[Exercise goal]
Take the lines below between the one holding "今日の給食は、なんと「カボチャオバケ🎃のごはん」でした。" and the one holding "Supply pipes are", inclusive, and copy them exactly. Add nothing.

[Extracted data]
=== Begin Enclosure ===

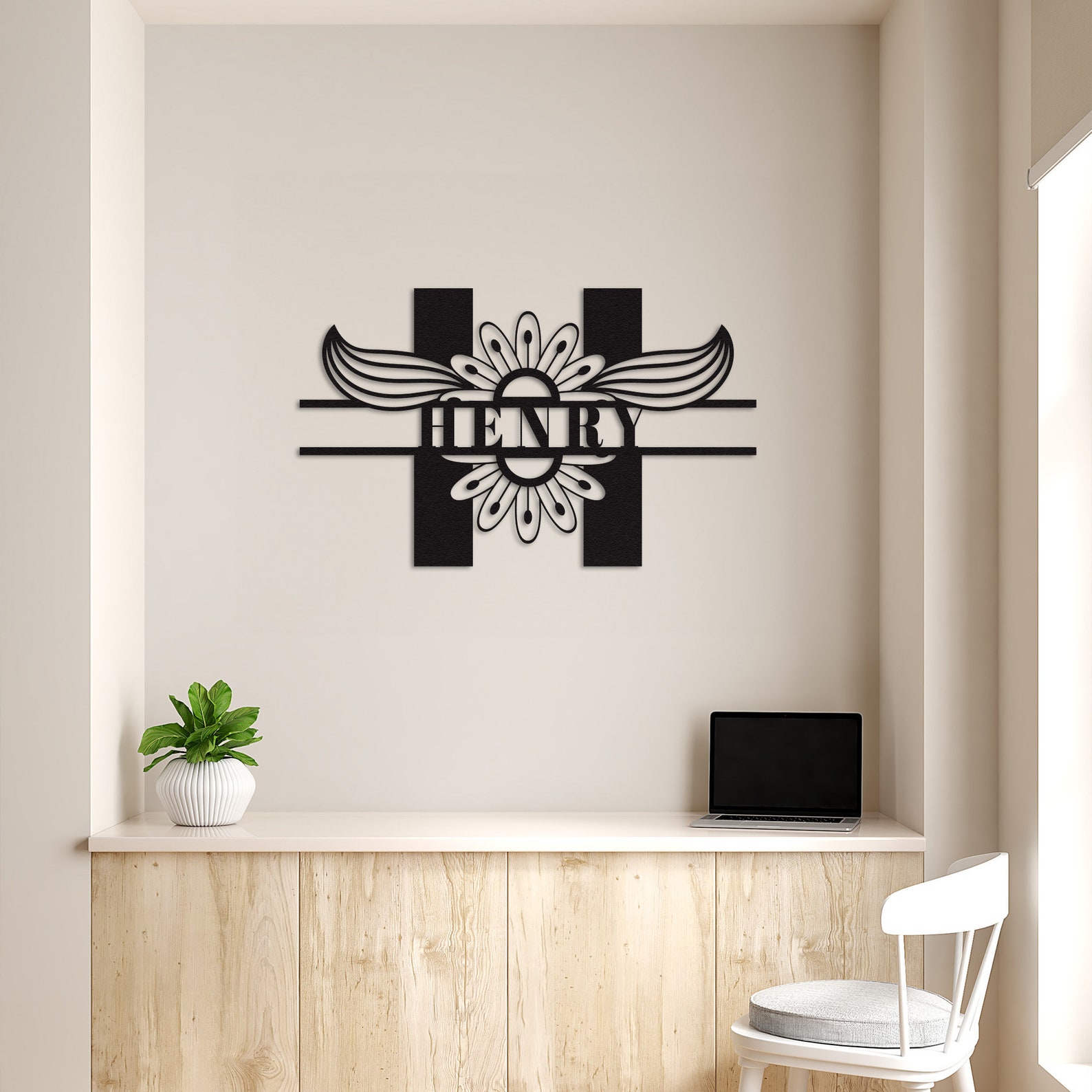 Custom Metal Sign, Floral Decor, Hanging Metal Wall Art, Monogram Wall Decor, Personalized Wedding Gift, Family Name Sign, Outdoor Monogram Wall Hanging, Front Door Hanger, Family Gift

=== End Enclosure ===
=== Begin Enclosure ===

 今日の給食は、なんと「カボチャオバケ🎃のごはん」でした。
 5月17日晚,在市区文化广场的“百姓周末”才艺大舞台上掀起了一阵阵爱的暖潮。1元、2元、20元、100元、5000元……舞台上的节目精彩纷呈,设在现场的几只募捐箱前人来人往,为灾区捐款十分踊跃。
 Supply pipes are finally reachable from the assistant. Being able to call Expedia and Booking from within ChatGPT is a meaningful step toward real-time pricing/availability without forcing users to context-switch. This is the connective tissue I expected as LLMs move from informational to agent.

=== End Enclosure ===
=== Begin Enclosure ===

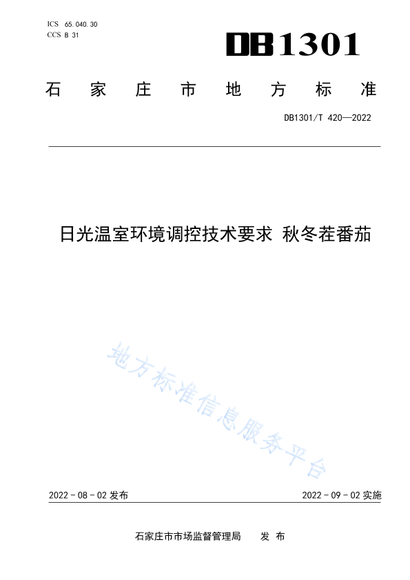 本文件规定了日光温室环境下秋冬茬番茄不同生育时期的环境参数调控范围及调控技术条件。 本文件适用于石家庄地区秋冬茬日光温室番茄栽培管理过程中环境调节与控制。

=== End Enclosure ===

[Exercise result]
 今日の給食は、なんと「カボチャオバケ🎃のごはん」でした。
 5月17日晚,在市区文化广场的“百姓周末”才艺大舞台上掀起了一阵阵爱的暖潮。1元、2元、20元、100元、5000元……舞台上的节目精彩纷呈,设在现场的几只募捐箱前人来人往,为灾区捐款十分踊跃。
 Supply pipes are finally reachable from the assistant. Being able to call Expedia and Booking from within ChatGPT is a meaningful step toward real-time pricing/availability without forcing users to context-switch. This is the connective tissue I expected as LLMs move from informational to agent.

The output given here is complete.